Jason Frisvold Jason.Frisvold at corp.ptd.net
Wed Mar 27 22:32:50 MET 2002


In my case, there were no resets.  Or, rather, there should not have been..  This happened on several routers across the network where noone was logged in..  *shrug*

---------------------------
Jason H. Frisvold
Senior ATM Engineer
Engineering Dept.
Penteledata
CCNA Certified - CSCO10151622
friz at corp.ptd.net
---------------------------
"Imagination is more important than knowledge. Knowledge is limited. Imagination encircles the world." -- Albert Einstein [1879-1955]

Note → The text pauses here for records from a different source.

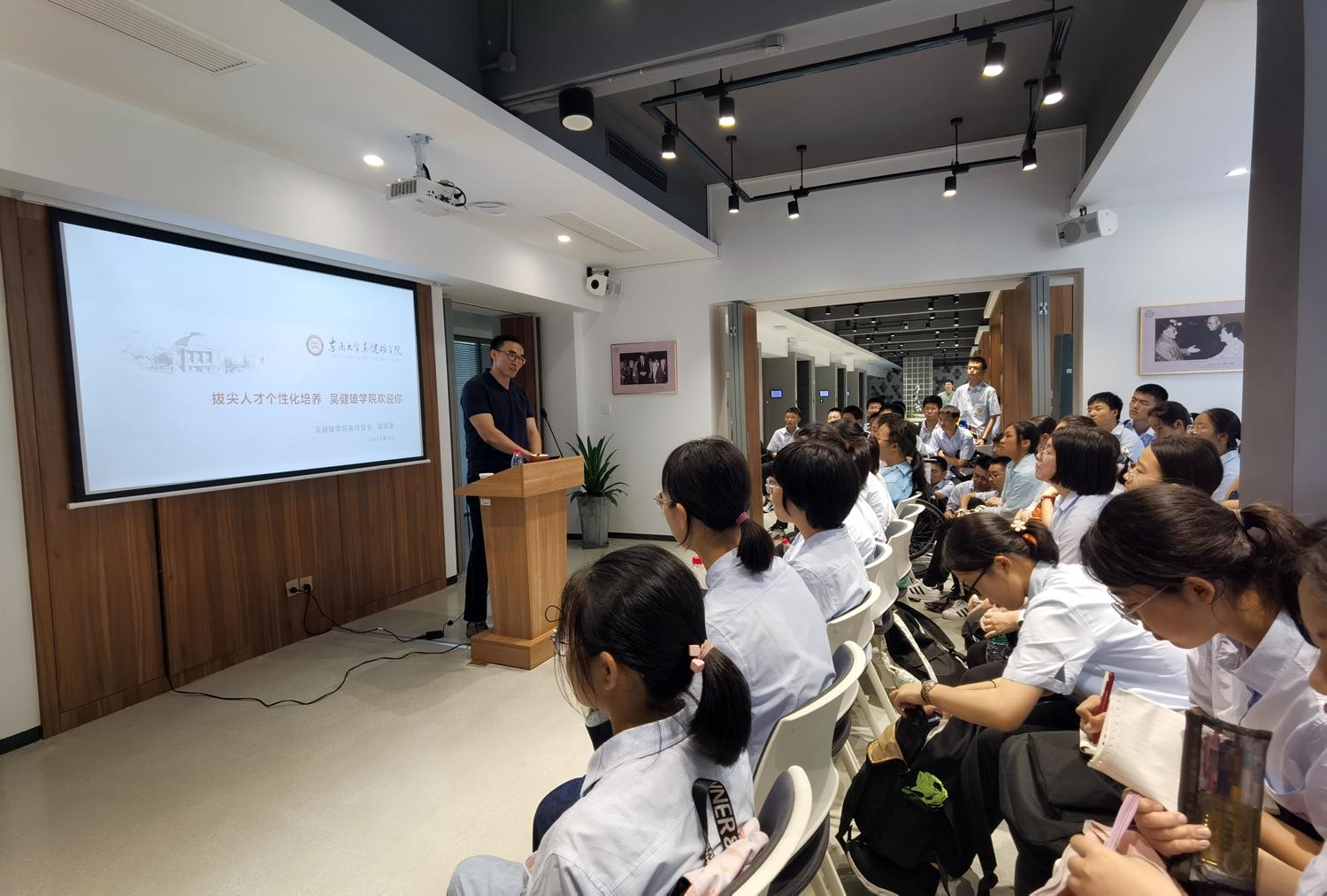 11点,学生们来到健雄书院,他们在这里了解了物理学家吴健雄,一个美丽而睿智的苏州女子,一个热爱科学,为科学奋斗终身的科学家。吴健雄学院执行院长游雨蒙教授用生动诙谐的比喻,用高屋建瓴的评论,帮助大家了解东大特色学科的前沿发展,培养学生的专业兴趣,引领学生的职业规划,让同学们进一步理解高考的真正意义,认知自我的特点,领会职业的价值。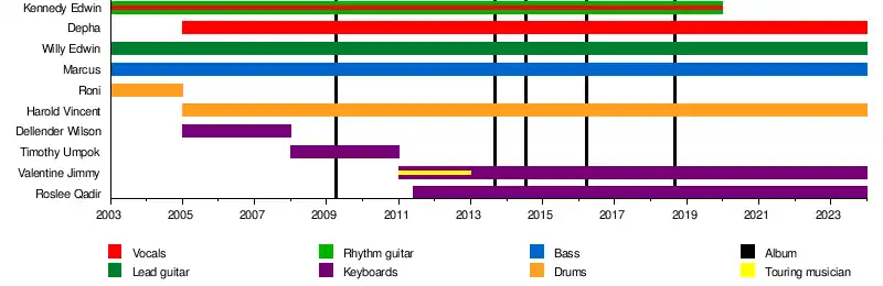 | Past members | Roni Dellender Wilson Timothy Umpok Kennedy Edwin |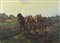 Pittore del XX secolo "Cavalli al lavoro" cm. 50x70 - olio su tela Firmato b. a d.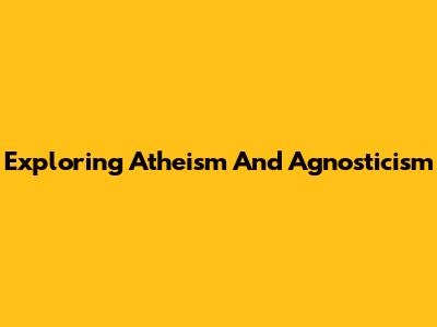 Exploring Atheism And Agnosticism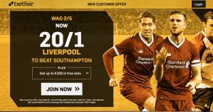 Jurgen Klopp’s charges have a chance to further close the gap behind the leading pack when they take on out-of-sorts Southampton, and their fans will be glad to hear that Betfair has enhanced the price on home win to 20/1.
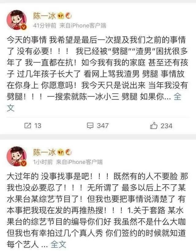这期节目播出之后,迅速窜上热搜,网友们纷纷对他的话表示质疑。在这之后,陈一冰发文解释自己这么长时间以来被冠以“渣男”的帽子,再三表明自己没有劈腿,还苦称自己给了何雯娜几十万的分手费,甚至还大骂了一番节目组。

-----Original Message-----
From: Clifton Royston [mailto:cliftonr at lava.net] 
Sent: Wednesday, March 27, 2002 2:01 PM
To: Luís Marta
Cc: Jason Frisvold; rrd-users at list.ee.ethz.ch
Subject: Re: [rrd-users] Re: RRDTOOL and MRTG - Data out of bounds problems

On Tue, Mar 26, 2002 at 03:16:19PM -0000, Luís Marta wrote:
> I've been having more or less the same odd-spikes problem in RRD-TOOL. And i
> can't figure out why, some graphics have spikes at one time, others at
> another time, even when the data is read from the same router, with no
> pattern whatsoever...
> It's not a reload in the router, it's not the counter that went back to
> zero, ...?

  How have you confirmed this last?

  Many SNMP implementations will clear the counter to zero at
inappropriate times.  For instance, on some Cisco IOS versions, "clear
interface counters" on the command line will clear the underlying SNMP
counters causing a spike, not just clear what is displayed to the
interactive user.  Lately I've seen problems with Cisco tunnel
interfaces showing giant spikes - apparently interfaces are cleared
when the tunnel goes down.  The worse part is that these kind of SNMP
problems seem to get randomly fixed and broken again in different IOS
releases, tracks, hardware platforms, etc. - there's not a steady
improvement in it.

  (And Cisco is in general one of the better SNMP implementers - many
products are much worse!)

> Anyone has ideas?
 
  The COUNTER type in RRD should work.  *Should*.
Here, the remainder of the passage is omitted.